We used immunohistochemistry and electroretinography for structural and functional analyses.
1) Cone–rod dystrophy. As early as 4 weeks of age, Bbs4–null mice showed severe deterioration of both rod and cone systems. Rod photoreceptor function as evidenced by a–wave analysis demonstrated that Bbs4–null animals had a significantly smaller amax compared to wild type (26% of wild–type value, p < 0.001). Cone dysfunction was more severe; at 4 weeks of age the null mice had 12% of wild–type cone b–wave function (p < 0.001). This cone–rod dystrophy was progressive, with a further decrease in all parameters at 14 weeks of age. Anatomically, hematoxylin and eosin staining of the retina demonstrated progressive deterioration of the outer nuclear layer (ONL). 2) Misolocalization of visual pigments.
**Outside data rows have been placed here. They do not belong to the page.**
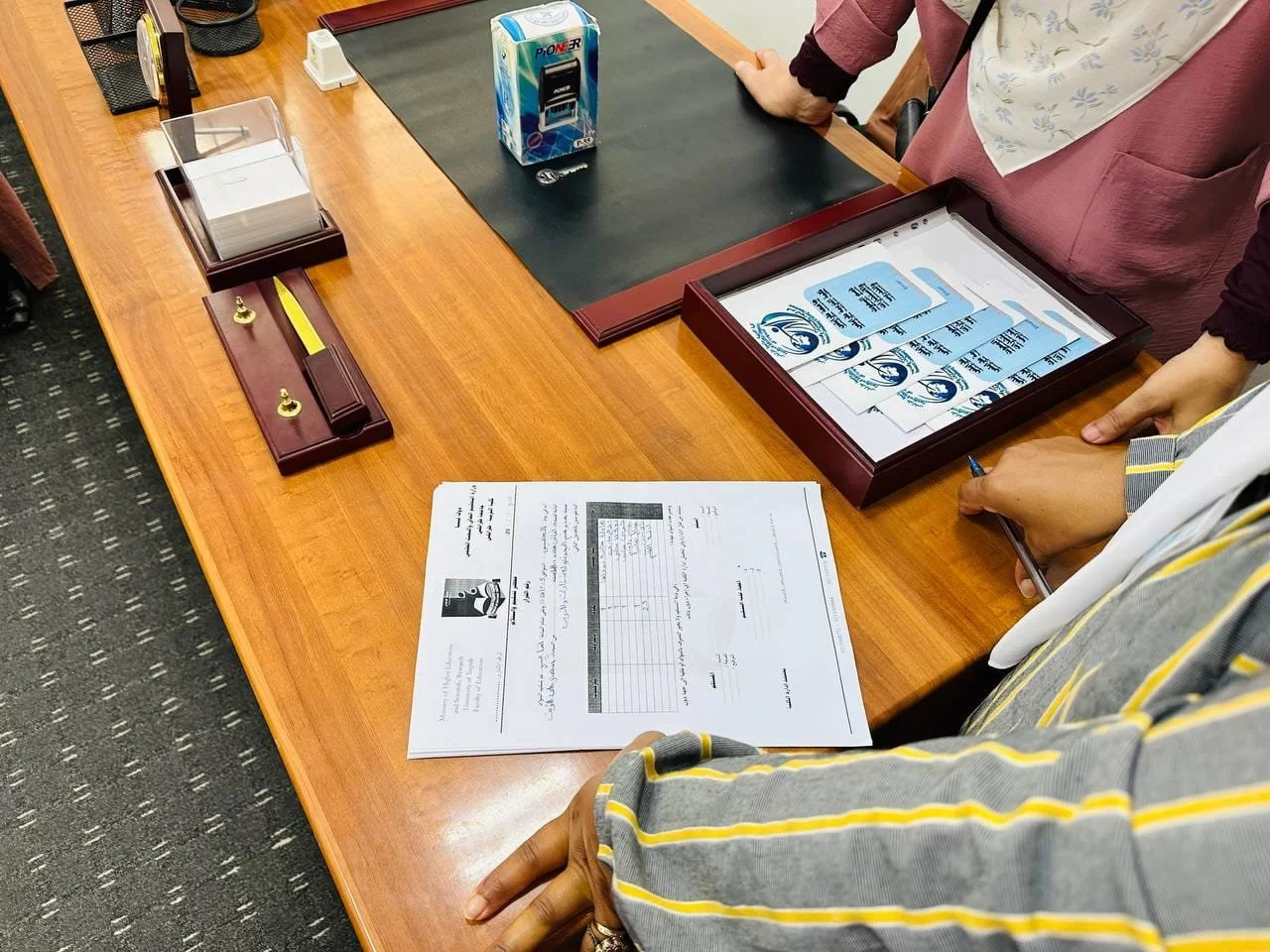حيث تم في أجواءٍ تسودها الأُلفة والود والمحبة الأخوية بحضور أعضاء اللجنة، إجراءات تسليم واستلام إدارة قسم البحوث والاستشارات والتدريب بالكلية بين:د. انتصار الشريف الرئيس السابق للقسم وبين أ. أماني سليمان رئيس القسم الحالي.
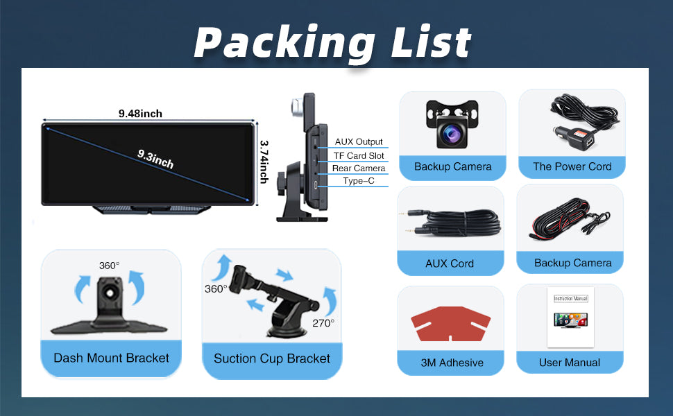 - 【4K HD Recorder】This 9.3 Inch Portable Screen for Car is equipped with a 4K front video (360° rotatable) and a 1080p rear camera, which can record every detail clearly in day or night, and monitor the real-time picture on your CarPlay Screen!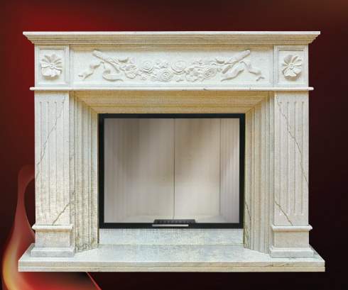 Декоративный камин из мрамора создаст особую теплую атмосферу в доме. Боковые стороны декорированы резными колоннами, верх - цветочными элементами ручной работы.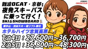【難波OCAT・京都発】夜行スキーバスで行く志賀高原(横手山・渋峠)で極上パウダー!夜行バスで行く快適スキー・スノボ旅

Both cone and rod visual pigments accumulated in the inner segments and cell bodies of the photoreceptors in the Bbs4–null mice, consistent with compromised intra–flagellar transport. 3) Inner retinal changes. Increased scotopic b– to a–wave ratio (p < 0.001) and increased time to peak of the scotopic rod B wave (p < 0.01) were suggestive of functional inner retinal changes. There was also a loss of normal cone pedicle structure.
Bbs4–null mice exhibit a cone–rod dystrophy, problems with intra–flagellar transport, and evidence of inner retinal changes. These mice seem to recapitulate human disease, and offer an unique opportunity to further understand the pathophysiology of this disorder and other retinal cone–rod dystrophies.